15 entry girildikten sonra, modlar tarafından bir cevap alınanarak, azad edilip ve hür bir şekilde yazar olmakla sonuçlanacak durumdur. (umarım beni de kabul ederler uludağ sözlük camiasına.)
kızlar için pek de önemli olmayan bir durumdur. sonuçta kızlar, daha çok facebook veya twitter gibi muhabbetin ve geyiğin bol olduğu yerlerde takılırlar.
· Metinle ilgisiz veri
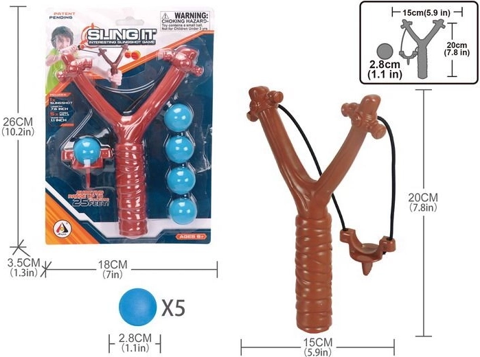 Η σφεντόνα μας με πέντε μπαλάκια είναι εξαιρετική επιλογή για παιδιά και ενήλικες που αγαπούν τις υπαίθριες δραστηριότητες. Η σφεντόνα έχει συμπαγείς διαστάσεις 15x20 cm, που επιτρέπουν εύκολο χειρισμό και μεταφορά. Τα μπαλάκια με διάμετρο 2,8 cm είναι ιδανικά για ακριβείς βολές.

yalan yanlış bir söylemdir. aşk denince; seni umursayan, sana bir şey olduğunda arayıpta halini soran, seni hep düşünen bunlar ve benzerleri gibi hep senin mutluluğunu isteyen birinin sana olan duygusu akla gelir. ama sen bu duyguyu ona gösteripte onun seni deyim yerindeyse hiç takmaması ne kadar acı, sıkıntı ve bir çok olumsuz sonuçlar doğuracağını kendisi de zamanla görür. bu cezayı çekmeninde çok anlamsız olacağını kavrayan biri karşılıksız aşkın ne kadar kendisini, sadece ona değil hayata karşı, düşüreceğini ve ezileceğini kavrarsa karşılıksız sevgi veya her neyse aşk beslemenin boş olacağını sonuçta görür.
yaşanırsa belki biraz acı, dert, sıkıntı..belki de hiç olmadığı kadar yaşama isteği...
yaşanmazsa da yalnızlık duygusu; seni düşünen biri olmadığını hissetmek, ot geldim yanımda bir gül yok gibi deyimlerle kendi kendine dövünmek , yaşama dair seni mutlu eden bir şeylerin olmaması gibi düşünmek ve suyun yokluğunu çeken bi gülün gün gün yıpranıp solacağı gibi aşksız bir ruhun da solup tükeneceğini hissettiren bir duygudur.